Collected data entries:
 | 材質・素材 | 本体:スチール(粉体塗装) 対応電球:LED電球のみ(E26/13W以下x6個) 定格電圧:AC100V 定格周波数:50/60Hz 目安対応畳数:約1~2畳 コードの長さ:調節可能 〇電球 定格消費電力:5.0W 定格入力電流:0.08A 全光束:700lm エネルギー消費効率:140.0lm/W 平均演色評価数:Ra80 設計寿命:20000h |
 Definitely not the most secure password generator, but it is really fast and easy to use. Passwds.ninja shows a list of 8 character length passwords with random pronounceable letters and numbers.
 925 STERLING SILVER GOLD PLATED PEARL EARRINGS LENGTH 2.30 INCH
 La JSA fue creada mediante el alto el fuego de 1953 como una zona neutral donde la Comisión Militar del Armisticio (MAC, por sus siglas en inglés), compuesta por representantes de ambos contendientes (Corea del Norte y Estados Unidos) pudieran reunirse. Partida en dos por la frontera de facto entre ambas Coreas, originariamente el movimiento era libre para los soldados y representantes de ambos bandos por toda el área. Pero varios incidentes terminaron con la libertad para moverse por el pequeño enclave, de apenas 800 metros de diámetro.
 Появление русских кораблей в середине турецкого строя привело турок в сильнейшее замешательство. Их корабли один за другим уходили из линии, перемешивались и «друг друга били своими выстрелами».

--

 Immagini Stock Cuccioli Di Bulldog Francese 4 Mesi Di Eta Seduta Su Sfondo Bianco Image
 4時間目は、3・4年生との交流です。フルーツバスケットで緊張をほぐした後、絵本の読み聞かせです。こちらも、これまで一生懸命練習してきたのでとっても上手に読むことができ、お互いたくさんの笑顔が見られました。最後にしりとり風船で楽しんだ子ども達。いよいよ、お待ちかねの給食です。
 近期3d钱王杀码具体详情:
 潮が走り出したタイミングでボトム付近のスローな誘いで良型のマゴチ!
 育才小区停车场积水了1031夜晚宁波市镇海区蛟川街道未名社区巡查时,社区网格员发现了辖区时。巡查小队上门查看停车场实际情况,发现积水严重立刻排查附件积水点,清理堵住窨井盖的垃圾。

» Problem description: Once you reach the line with "4時間目は、3・4年生との交" in the data above, copy it and every line after it exactly, up to and including the line with "育才小区停车场积水了1031".

» Result for this exercise:
 4時間目は、3・4年生との交流です。フルーツバスケットで緊張をほぐした後、絵本の読み聞かせです。こちらも、これまで一生懸命練習してきたのでとっても上手に読むことができ、お互いたくさんの笑顔が見られました。最後にしりとり風船で楽しんだ子ども達。いよいよ、お待ちかねの給食です。
 近期3d钱王杀码具体详情:
 潮が走り出したタイミングでボトム付近のスローな誘いで良型のマゴチ!
 育才小区停车场积水了1031夜晚宁波市镇海区蛟川街道未名社区巡查时,社区网格员发现了辖区时。巡查小队上门查看停车场实际情况,发现积水严重立刻排查附件积水点,清理堵住窨井盖的垃圾。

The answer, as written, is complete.